Newling shook her head. “No. I know the message went out, but that’s all I know. I don’t exactly have control over that end of the string.”
“I just hoped,” Cassandra said, and Moore realized that was what he was hearing: hope, faint though it was.
“As soon as I hear anything, I’ll let you know. I promise.” And Newling hugged her, if briefly.
“If there’s a way to get you out, we’ll find it.” Newling tugged at Moore’s arm and they made their way back down the corridor.
“Get her out?” he asked when they’d returned to the room. “How can you get her out? And if her, why not yourself? Or me?”

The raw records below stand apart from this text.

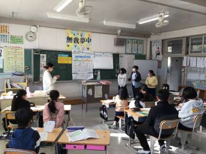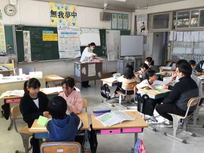 5年生が、保健の授業で、安全な行動やけがをした時の対応てについて、学んでいました。グループになって、けがに応じた手当について発表しました。
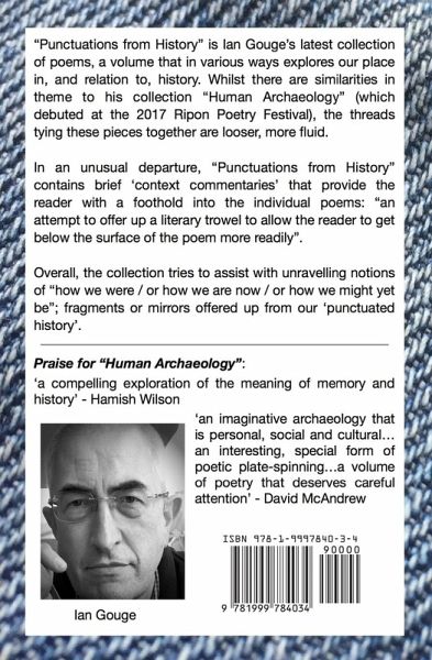 "Punctuations from History" is Ian Gouge’s latest collection of poems, a volume that in various ways explores our place in, and relation to, history. Whilst there are similarities in theme to his collection "Human Archaeology" (which debuted at the 2017 Ripon Poetry Festival), the threads tying these pieces together are looser, more fluid. In an unusual departure, "Punctuations from History" contains brief ‘context commentaries’ that provide the reader with a foothold into the individual poems: "an attempt to offer up a literary trowel to allow the reader to get below the surface of the poem more readily". Overall, the collection tries to assist with unravelling notions of "how we were / or how we are now / or how we might yet be"; fragments or mirrors offered up from our ‘punctuated history’.
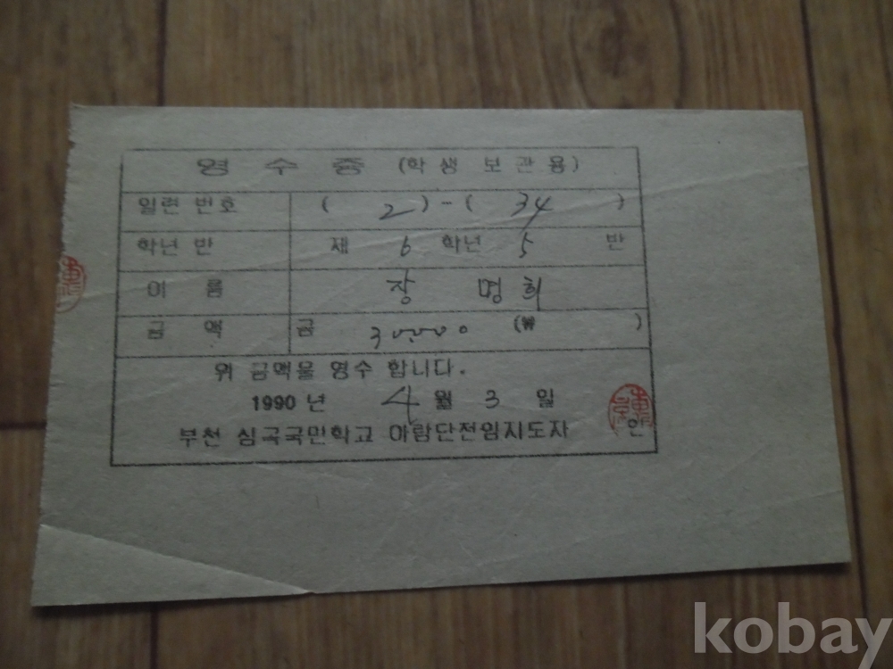 1990년 부천심곡국교 아람단 발행 영수증
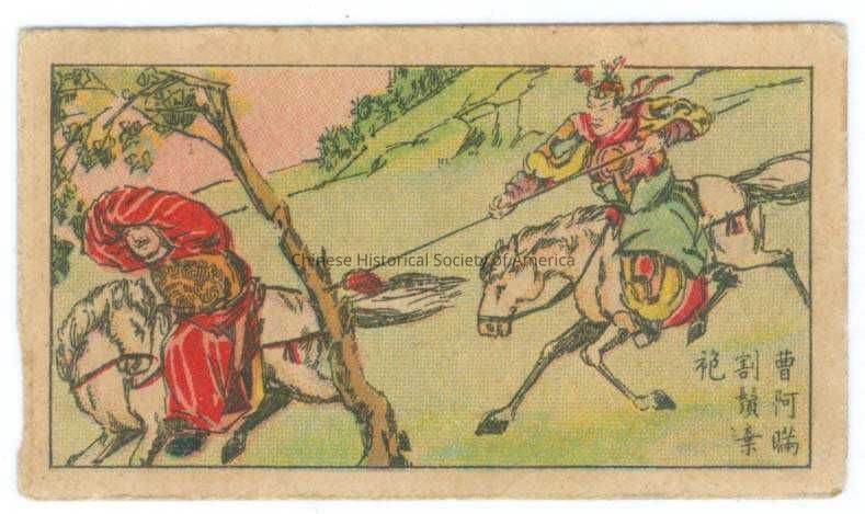 Trade card, Chinese man on white horse charging after another manEntry/Object ID
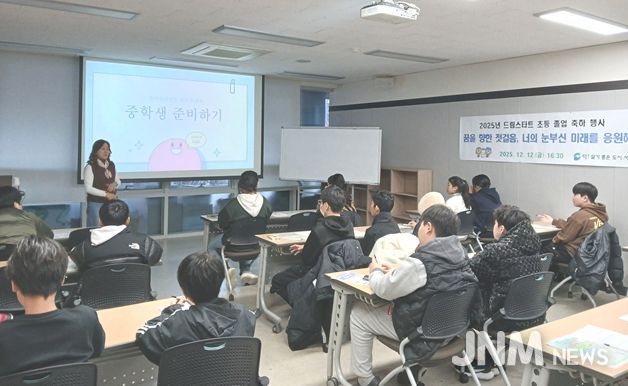 이번 초등 졸업 행사에서는 명호중학교 상담교사 천숙 강사를 초빙하여 ‘슬기로운 예비 중학교 생활’이라는 주제로 중학교 진학에 도움이 되는 강의를 진행하고, 초등 졸업 선물로 10만 원 상당의 상품권을 지원했다.
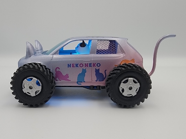 猫王国のMATATABI RACINGより緊急参戦❗️ 仲間達の思いをボディに纏い、荒野のレースへ挑む‼️ フロントに猫の顔、リアに尻尾型ボディキャッチ、足回りにはトラックタイヤを装着しました🎵
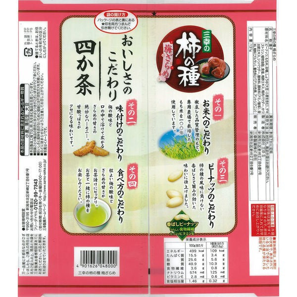 Peanuts (from China), glutinous rice, sugar, soy sauce (contains wheat and soybeans), dextrin, vegetable oil, salt, plum paste, dried bonito extract, plum meat powder (95% Nanko plum from Kishu) / acidulant, Fragrance, seasoning (monosodium glutamate, etc.), paste (pullulan), coloring (paprika pigment, anthocyanin, red beet)

“Let’s work backwards. Not you, because until today I didn’t know you existed. Not me, because, as I said, I’m safe in here until my cousin decides I’ve done my penance. I can’t get her out myself, obviously, but I have some connections. More than that I’m not saying, unless you’d like to wake up in vacuum?” Her eyes gleamed coldly. “I’m not an accidental Newling, you see.”
Moore put up his hands. “Just curious.”
Newling nodded. “Good.” Then her tone softened. “If things happen the way they might happen, there might be an opportunity for you and some others. No promises, no guarantees.”
“Fair dinkum, Mistress Newling.”
“Oh, don’t start being all formal on me just because of a teesy-weensy little threat! Now, let’s talk about something else. Do you follow nullball?”